Neoplasmatic changes may be localised ain the popliteal region. Weschenfelder et al. [31] presented a desmoid tumour at the right popliteal fossa of a 34-year-old woman. This tumour surrounded the lateral head of the gastrocnemius muscle, involved the common fibular nerve, and infiltrated the head of fibula as far as the posterolateral aspect of the articular capsule of knee joint. Derzsi et al. [11] described a haemangioma of the left popliteal fossa in a 13-year-old child, who had previously undergone surgery because of congenital pes equinovarus.
CONCLUSIONS
In terms of morphometric parameters, the popliteal fossa in the human foetus displays neither male-female nor right-left differences.
In the popliteal fossa, growth patterns of its 4 boundaries, vertical and transverse diameters, and projection surface area all follow natural logarithmic functions.
All the morphometric data considered age-specific reference intervals, which may be conducive in the diagnostics of congenital abnormalities in the human foetus.
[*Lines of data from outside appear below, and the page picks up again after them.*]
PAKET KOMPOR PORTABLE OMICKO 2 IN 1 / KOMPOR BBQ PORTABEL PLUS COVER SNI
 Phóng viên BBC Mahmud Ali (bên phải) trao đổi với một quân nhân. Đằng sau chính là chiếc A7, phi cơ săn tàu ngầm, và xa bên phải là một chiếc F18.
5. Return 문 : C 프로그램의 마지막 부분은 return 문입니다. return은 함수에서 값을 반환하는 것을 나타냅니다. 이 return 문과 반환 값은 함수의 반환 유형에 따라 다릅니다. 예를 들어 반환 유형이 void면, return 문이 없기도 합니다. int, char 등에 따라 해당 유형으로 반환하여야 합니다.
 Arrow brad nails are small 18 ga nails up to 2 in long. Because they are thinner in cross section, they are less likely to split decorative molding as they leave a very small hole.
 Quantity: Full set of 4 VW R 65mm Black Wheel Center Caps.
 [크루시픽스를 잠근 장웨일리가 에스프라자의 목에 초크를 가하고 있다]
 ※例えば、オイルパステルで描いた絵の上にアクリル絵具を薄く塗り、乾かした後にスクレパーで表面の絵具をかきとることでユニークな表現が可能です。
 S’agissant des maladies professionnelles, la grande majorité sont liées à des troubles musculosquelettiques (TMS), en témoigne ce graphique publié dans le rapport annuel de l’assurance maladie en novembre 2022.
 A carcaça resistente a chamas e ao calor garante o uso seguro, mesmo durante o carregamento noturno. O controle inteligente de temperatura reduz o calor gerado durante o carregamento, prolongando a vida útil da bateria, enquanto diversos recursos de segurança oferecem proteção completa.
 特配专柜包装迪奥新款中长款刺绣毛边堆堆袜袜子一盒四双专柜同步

ARTICLE INFORMATION AND DECLARATIONS
Ethics statement
The present examinations were ethically approved by the Bioethics Committee of the Ludwik Rydygier Collegium Medicum in Bydgoszcz and the Nicolaus Copernicus University in Bydgoszcz.
Authors’ contributions
Mateusz Badura: concept, dissection, collecting data, statistical analysis, literature search, writing the article. Maria Dąbrowska: concept, dissection, collecting data, statistical analysis, literature search, writing the article. Anna Badura: statistical analysis, literature search. Monika Paruszewska-Achtel: dissection, literature search, writing the article. Magdalena Grzonkowska: dissection, literature search. Mariusz Baumgart: dissection, collecting data, statistical analysis. Michał Szpinda: writing the article, final approval of article.
Funding
None.
Conflict of interest
The authors declare that there is no conflict of interest.